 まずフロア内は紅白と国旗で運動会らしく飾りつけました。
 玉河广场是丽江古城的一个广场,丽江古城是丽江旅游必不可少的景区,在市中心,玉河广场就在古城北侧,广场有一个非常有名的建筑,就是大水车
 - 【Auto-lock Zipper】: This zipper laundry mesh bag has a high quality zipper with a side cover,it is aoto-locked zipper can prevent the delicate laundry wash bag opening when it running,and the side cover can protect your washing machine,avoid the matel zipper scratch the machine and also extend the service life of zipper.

---

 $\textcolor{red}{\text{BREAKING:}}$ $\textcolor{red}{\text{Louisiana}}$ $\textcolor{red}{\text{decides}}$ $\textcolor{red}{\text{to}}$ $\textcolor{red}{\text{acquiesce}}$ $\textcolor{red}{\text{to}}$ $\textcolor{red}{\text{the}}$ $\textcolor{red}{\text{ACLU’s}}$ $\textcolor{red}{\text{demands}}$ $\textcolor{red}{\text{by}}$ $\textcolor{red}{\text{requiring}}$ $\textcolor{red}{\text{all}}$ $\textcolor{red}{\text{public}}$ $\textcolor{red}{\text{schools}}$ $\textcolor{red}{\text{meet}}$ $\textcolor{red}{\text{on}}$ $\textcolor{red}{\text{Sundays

==

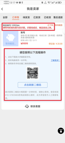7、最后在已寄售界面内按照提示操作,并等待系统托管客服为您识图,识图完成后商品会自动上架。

_ASSIGNED TASK_
Within the listing above, locate the line containing "まずフロア内は紅白と国旗で運動会らしく飾りつけました。" and the line containing "- 【Auto-lock Zipper】: This". Reproduce those two lines and all lines between them exactly, with nothing added.

_OUTPUT OF THE TASK_
 まずフロア内は紅白と国旗で運動会らしく飾りつけました。
 玉河广场是丽江古城的一个广场,丽江古城是丽江旅游必不可少的景区,在市中心,玉河广场就在古城北侧,广场有一个非常有名的建筑,就是大水车
 - 【Auto-lock Zipper】: This zipper laundry mesh bag has a high quality zipper with a side cover,it is aoto-locked zipper can prevent the delicate laundry wash bag opening when it running,and the side cover can protect your washing machine,avoid the matel zipper scratch the machine and also extend the service life of zipper.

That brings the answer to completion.